— ENTRIES SUPPLIED —
★ ★ ★ ★

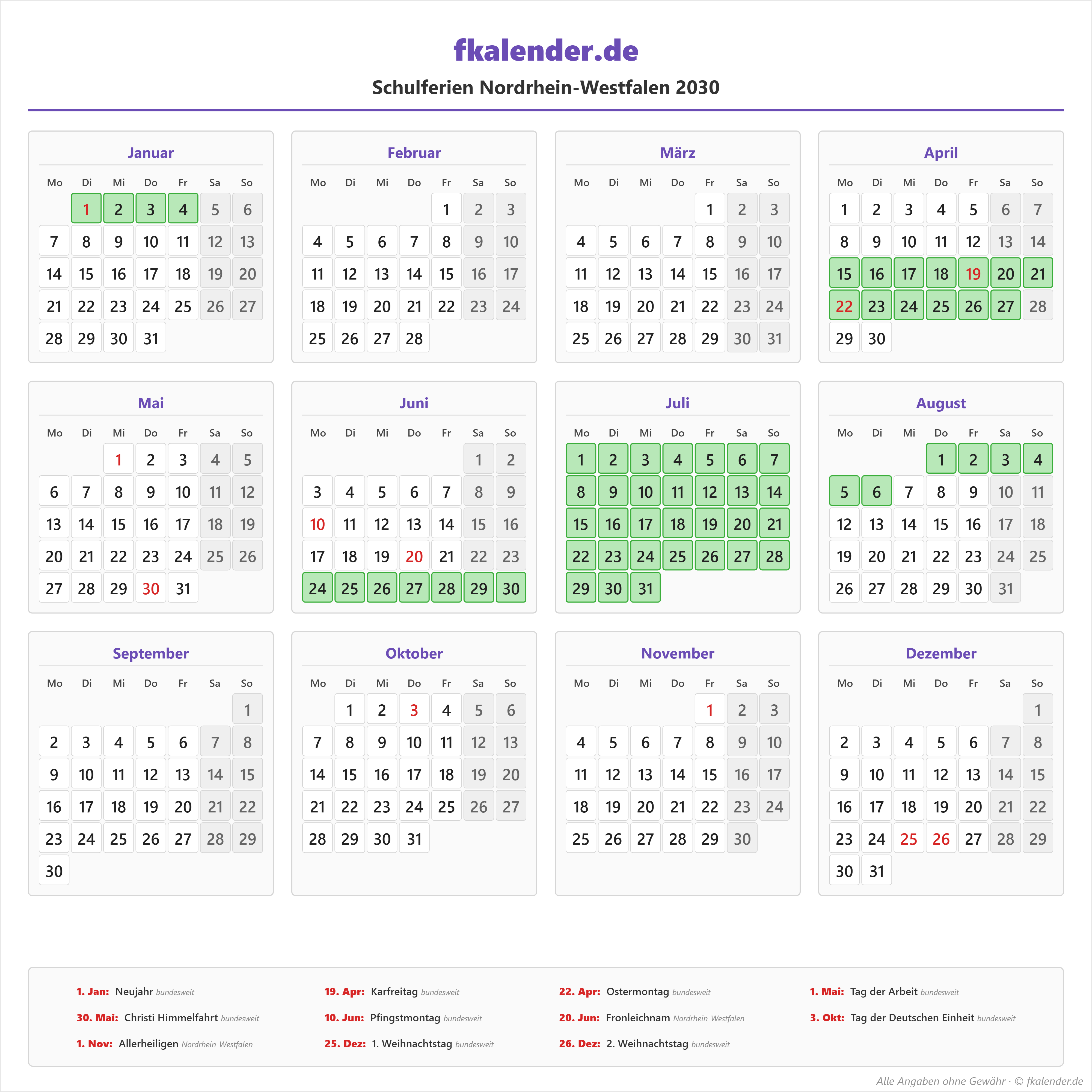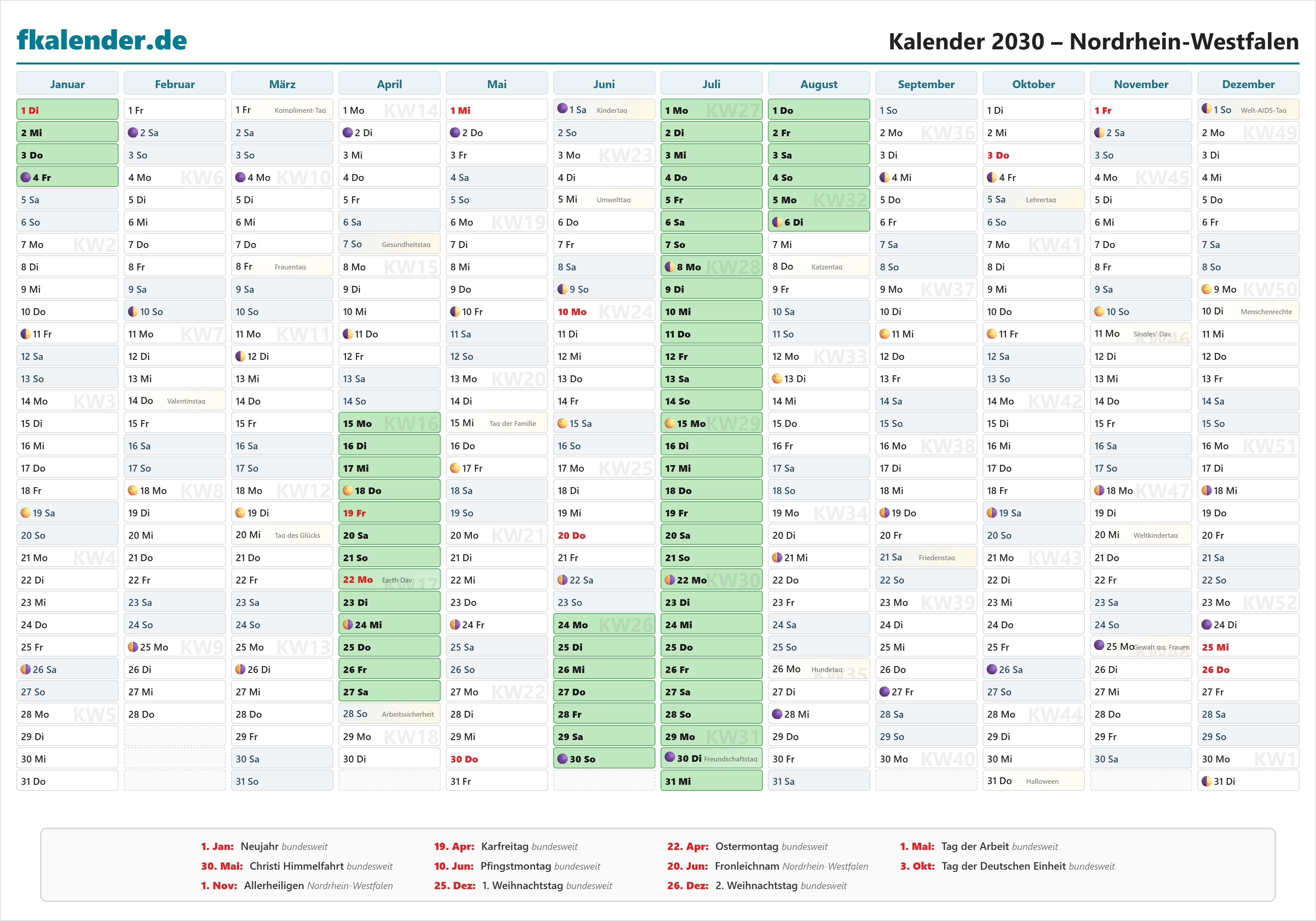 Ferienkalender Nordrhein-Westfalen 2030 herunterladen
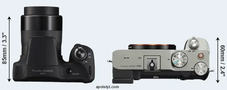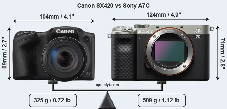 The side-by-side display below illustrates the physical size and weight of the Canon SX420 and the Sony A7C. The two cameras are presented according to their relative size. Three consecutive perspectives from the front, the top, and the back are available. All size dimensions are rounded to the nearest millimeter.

★ ★ ★ ★

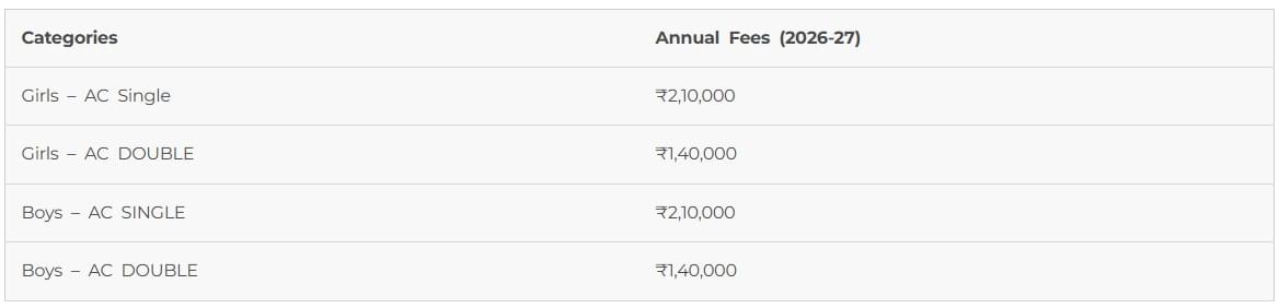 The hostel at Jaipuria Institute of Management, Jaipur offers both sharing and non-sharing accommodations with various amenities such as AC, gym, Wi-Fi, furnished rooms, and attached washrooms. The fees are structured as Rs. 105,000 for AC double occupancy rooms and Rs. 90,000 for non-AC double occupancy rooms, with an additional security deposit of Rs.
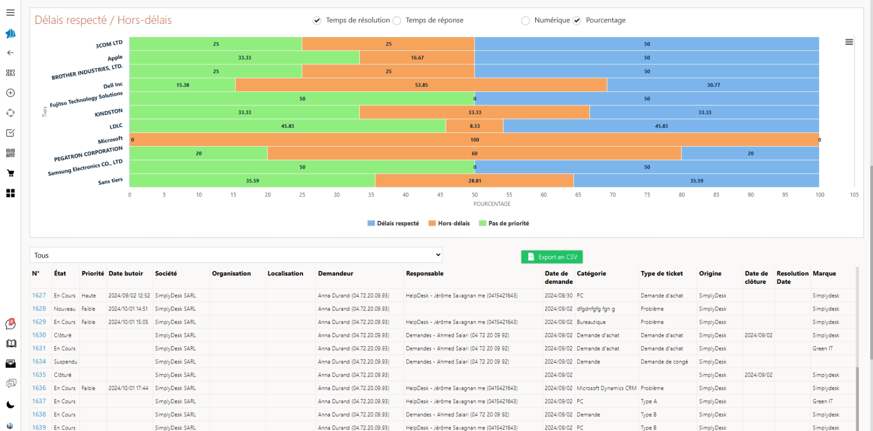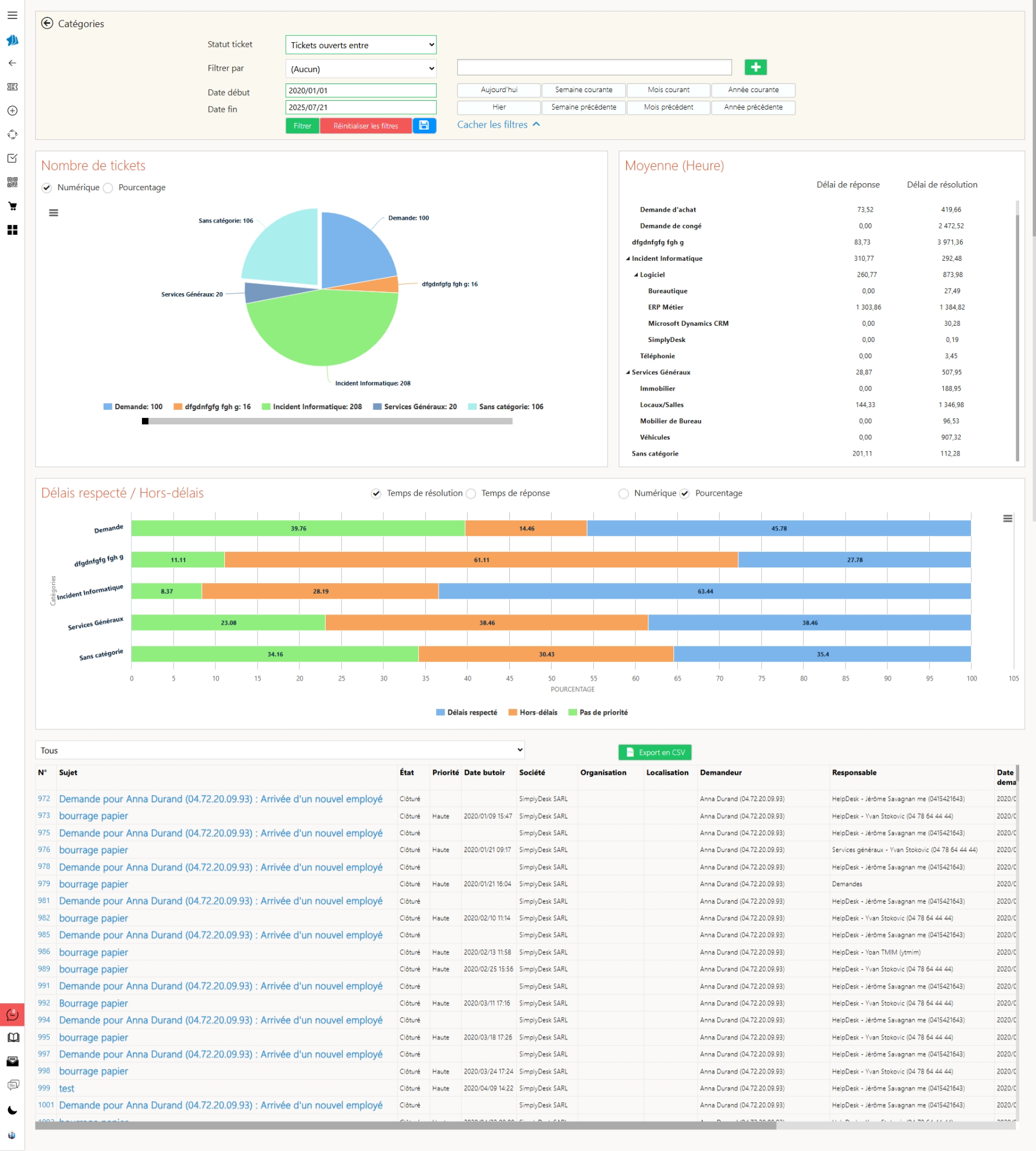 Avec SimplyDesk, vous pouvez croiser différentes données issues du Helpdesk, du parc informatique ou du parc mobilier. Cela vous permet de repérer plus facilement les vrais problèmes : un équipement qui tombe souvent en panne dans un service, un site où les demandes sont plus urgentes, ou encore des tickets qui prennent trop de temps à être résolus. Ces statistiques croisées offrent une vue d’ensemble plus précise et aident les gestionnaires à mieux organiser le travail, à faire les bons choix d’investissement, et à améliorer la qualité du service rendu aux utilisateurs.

★ ★ ★ ★

— WHAT YOU NEED TO DO —
From the line holding "Ferienkalender Nordrhein-Westfalen 2030" to the line holding "The side-by-side display", both included, retype the entries above exactly and drop the pictures.

— WRITTEN REPLY —
 Ferienkalender Nordrhein-Westfalen 2030 herunterladen
 The side-by-side display below illustrates the physical size and weight of the Canon SX420 and the Sony A7C. The two cameras are presented according to their relative size. Three consecutive perspectives from the front, the top, and the back are available. All size dimensions are rounded to the nearest millimeter.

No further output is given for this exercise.